As argued by Poul-Henning Kamp, this is a bad architecture that adds layers of cruft to work around code that has not been written to be portable to the environments where it will be used. Software written to be built with tools like these is hard to read, because you must read multiple languages just to understand how one line of code works.

One problem that arises in any cross-platform development is that assumptions about “the other platforms” (being the ones you didn’t originally write the software on) are sometimes made based on one of the following sources of information:

  • none
  • a superficial inspection of the other platform
  • analogy to the “primary” platform

An example of the third case: I used to work on the Mac version of a multi-platform product, certain core parts of which were implemented by cross-platform libraries. One of these libraries just needed a little configuration for each platform: tell it what file extension to use for shared libraries, and give it the path to the Registry.

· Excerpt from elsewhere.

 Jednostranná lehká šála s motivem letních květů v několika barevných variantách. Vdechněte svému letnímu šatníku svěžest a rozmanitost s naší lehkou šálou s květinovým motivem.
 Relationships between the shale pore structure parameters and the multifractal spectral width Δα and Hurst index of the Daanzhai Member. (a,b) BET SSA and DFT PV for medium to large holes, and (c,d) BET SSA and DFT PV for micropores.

What cost me a morning today was an example of the second case: assuming that all Macs are like the one you tried. Let me show you what I mean. Here’s the contents of /Developer on my Mac:

$ ls /Developer/
WebObjects

Wait, where’s Xcode? Oh right, they moved it for the App Store builds didn’t they?

$ ls /Applications/Xcode.app
ls: /Applications/Xcode.app: No such file or directory

WHAAAAA?

OMFG!

Since Xcode 2.5, Xcode has been relocatable and can live anywhere on the filesystem. Even if it is in one of the usual places, that might not be the version a developer wants to use. I keep a few different Xcodes around: usually the current one, the last one I knew everything worked on, and a developer preview release when there is one. I then also tend to forget to throw old Xcodes away, so I’ve got 4 different versions at the moment.

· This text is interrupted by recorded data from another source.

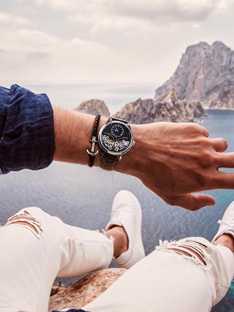 Herren hohle automatische Bewegung Watch Mechanische Luxus Uhr Doppelpendel Schwungrad Herren Uhr
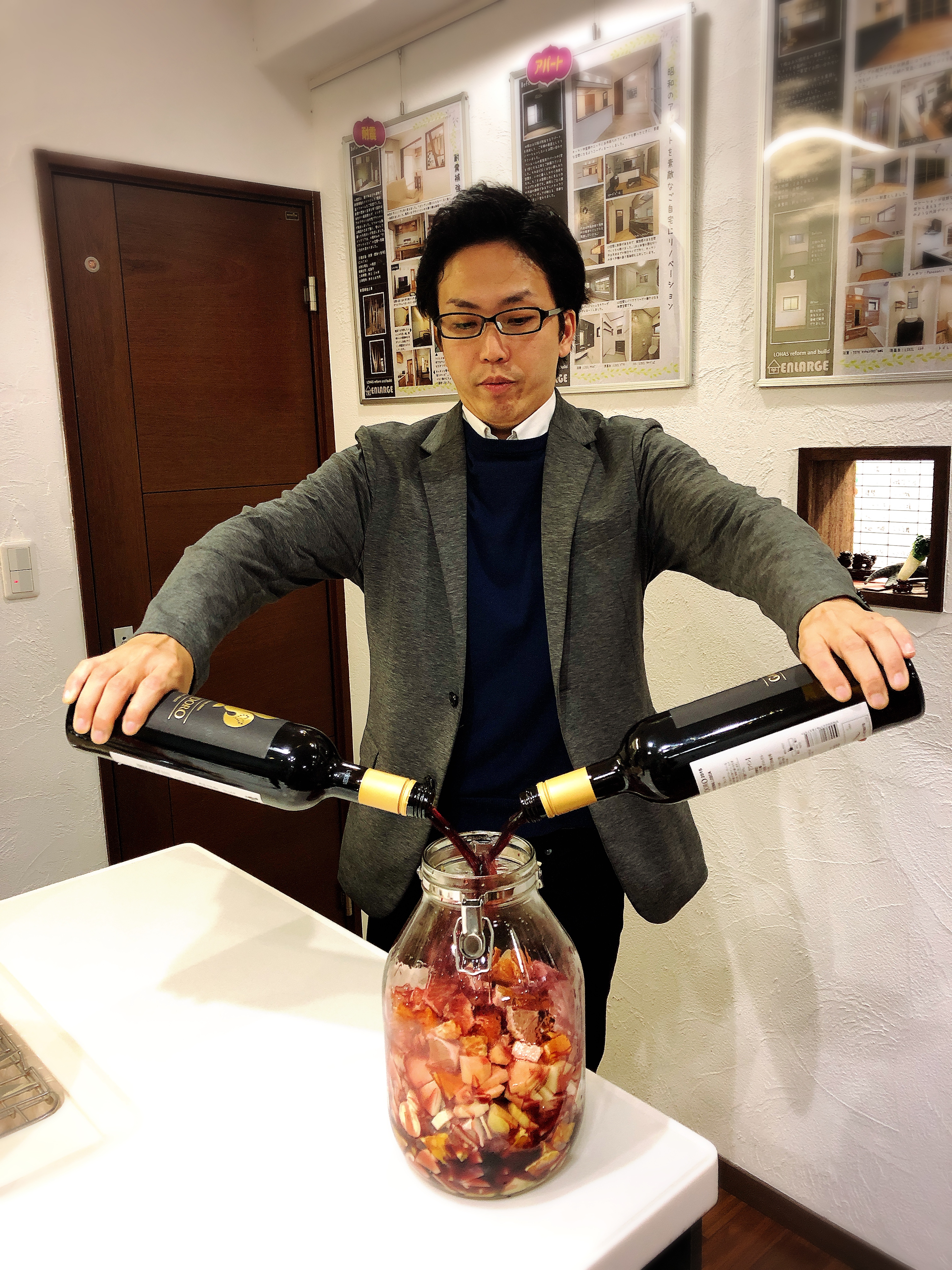 当日販売するホットワインは、1週間フルーツを漬け込んで作るので、
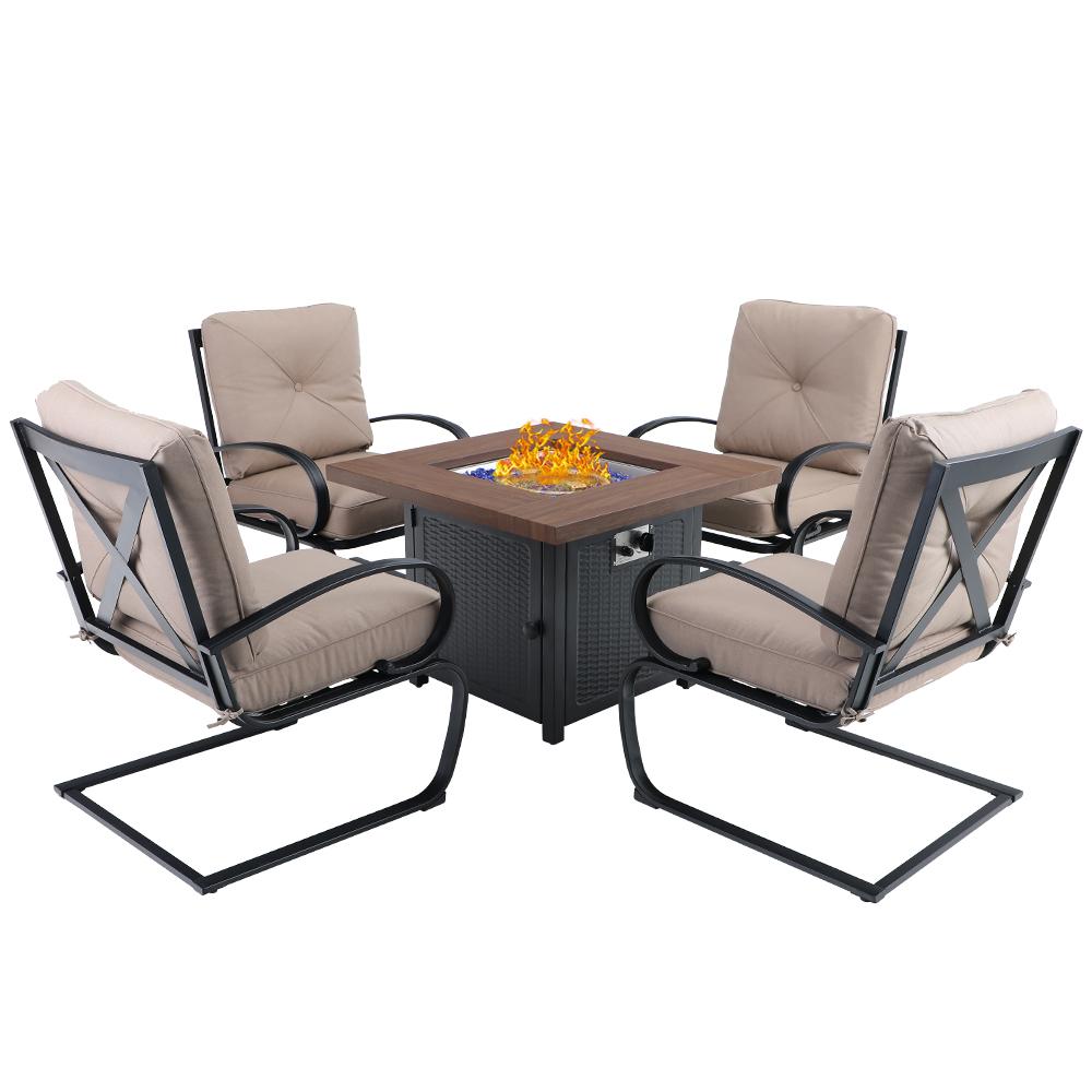 • 5-Piece Outdoor Fire Pit Set C-spring Chairs With Cushions & 50,000BTU Wood-look Fire Pit Table
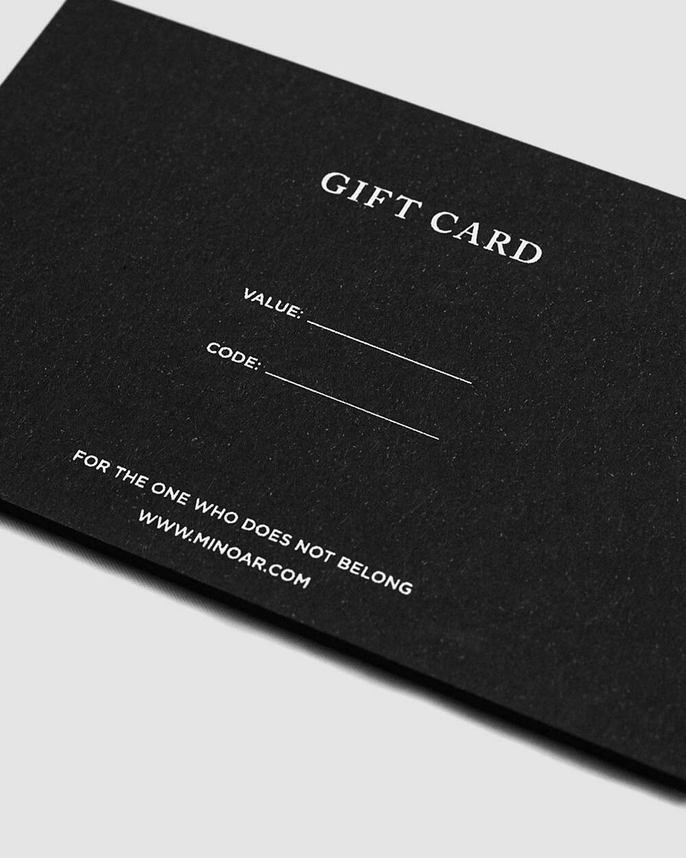 The Minoár Gift Card is crafted from thick black multi-layered paper.
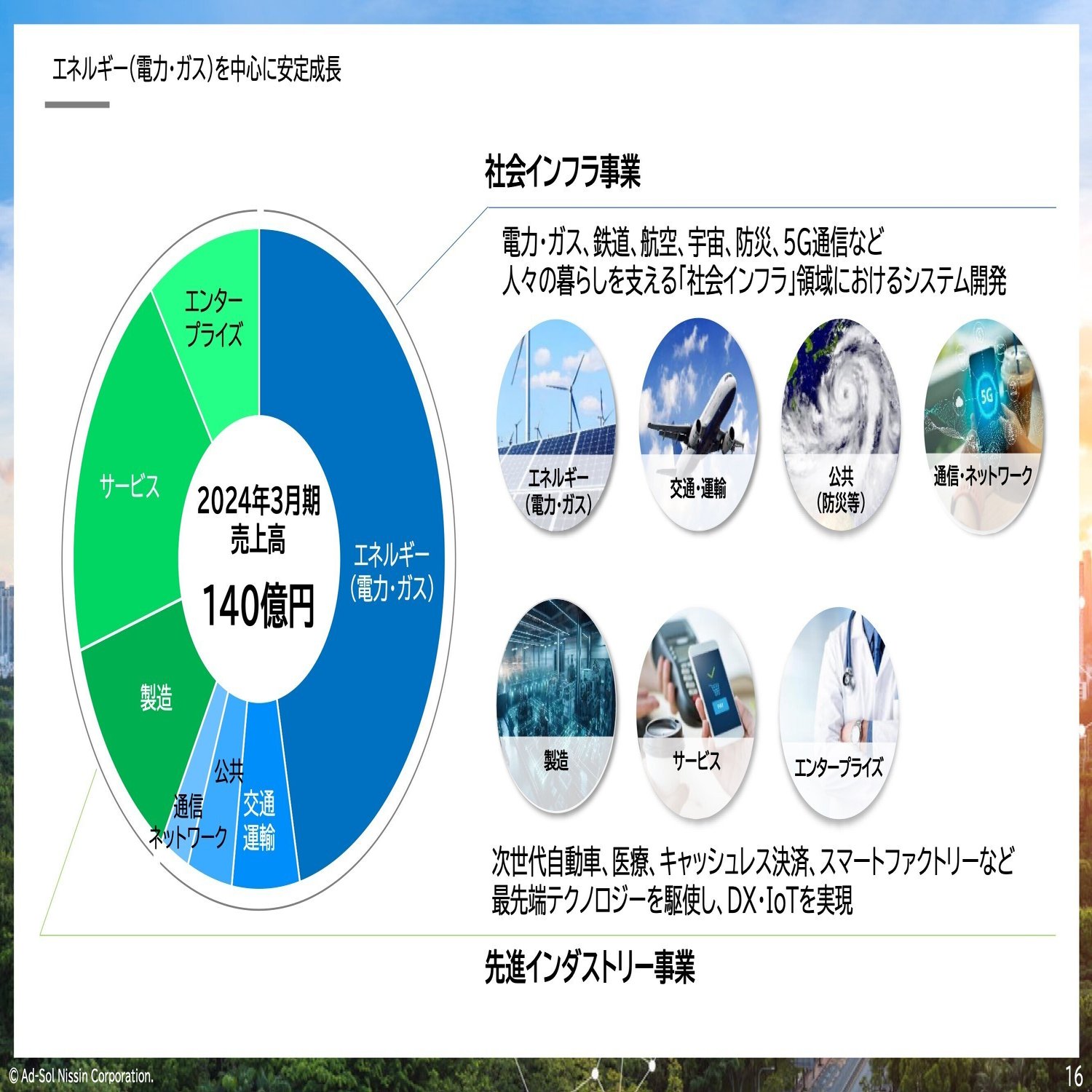 現在は7つの領域に特化した社会インフラを担っています。

But surely this is all evil chaos from those crazy precious Mac-using weirdos! How can you possibly cope with all of that confusion? Enter xcode-select:

$ xcode-select -print-path
/Applications/Xcode4.6.app/Contents/Developer

Xcode-select is in /usr/bin, so you don’t have the bootstrapping problem of trying to find the tool that lets you find the thing. That means that you can always rely on it being in one place for your scripts or other build tools. You can use it in a shell script:

XCODE_DEVELOPER_DIR=`/usr/bin/xcode-select -print-path`

or in a CMake file:

exec_program(/usr/bin/xcode-select ARGS -print-path OUTPUT_VARIABLE XCODE_DEVELOPER_DIR)

or in whatever other tool you’re using. The path is manually chosen by the developer (using the -switch option), so if for some reason it doesn’t work out (like the developer has deleted that version of Xcode without updating xcode-select), then you can fall back to looking in default locations.

Please do use xcode-select as a first choice for finding Xcode or the developer folder on any Mac system, particularly if your project uses a build generator. It’s more robust to changes—either from Apple or from the users of that Mac—than relying on the developer tools being installed to their default location.